4). To gain access to valuable data. Combining Goodreads data on the preferences of its 16 million users with the information Amazon might already have on those same readers will allow it to make better recommendations. Additionally, those data can help improve Amazon’s sales and marketing initiatives.
5). To access more credible reviews. Amazon has had several cases involving authors buying or manipulating reviews for their books. It’s much more difficult to create fraudulent reviews on Goodreads as there’s less anonymity. Furthermore, Goodreads users generally give more critical reviews, resulting in wider variability and more useful information for potential buyers.
While all of these benefits have their merits, there’s one big thing most of the media aren’t talking about.
Amazon is targeting people that buy books!
For those of you not familiar with the Pareto principle, or 80-20 rule, it’s quite simple: 80% of the effects come from 20% of the causes.

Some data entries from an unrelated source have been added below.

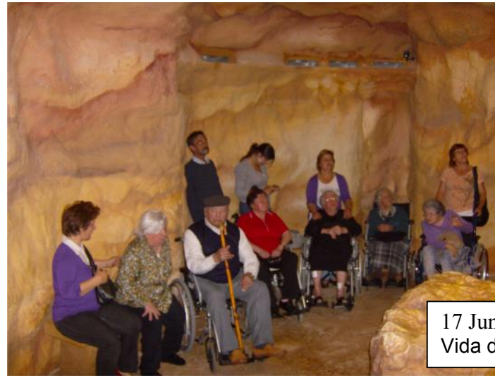
17 Junho – Visita ao Museu da Vida de Cristo
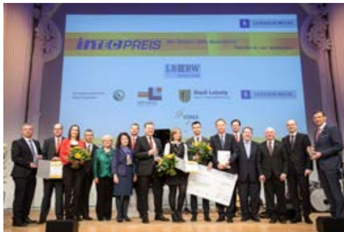
NILES-SIMMONS Industrieanlagen GmbH sicherte sich neben Profroll Technologies den Intec-Preis in der Kategorie „Unternehmen über 100 Mitarbeiter“ für die Entwicklung eines innovativen Bearbeitungszentrums, mit dem Räder für Hochgeschwindigkeitszüge unter Anwendung von moderner Direktantriebstechnik präzise, effektiv und komplett bearbeitet werden.
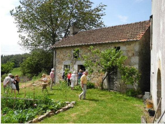
Dépendance avec seccadou.
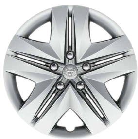
15" acél keréktárcsák díztárcsával (8 küllős) Alapfelszereltség az Active, Hybrid Active felszereltségnél

This is extremely accurate for book purchases in that 20% of adults buy 79% of all books.
So, my excitement over this acquisition is less about integrating Goodreads with Amazon than it’s about integrating Amazon with Goodreads.
With the purchase of Goodreads, Amazon can have exclusive access to a property where those frequent book buyers congregate on a regular basis. Book nerds are migrating away from bookstores, and finding more recommendations from friends and the internet (and internet friends).
According to Codex, a research group specializing in book audiences, nearly two-thirds of frequent book buyers have eReaders or tablets as of last December. That’s more than double from the year prior, and more than triples the number in 2010.
As a result, the percentage of book discoveries in physical stores fell from 32% in 2010 to 20% in 2012 and the percentage of discoveries made online doubled from 5% to 10% during the same period. As eReaders become more popular this trend is sure to continue, as eReader owners are reportedly twice as likely to discover books digitally.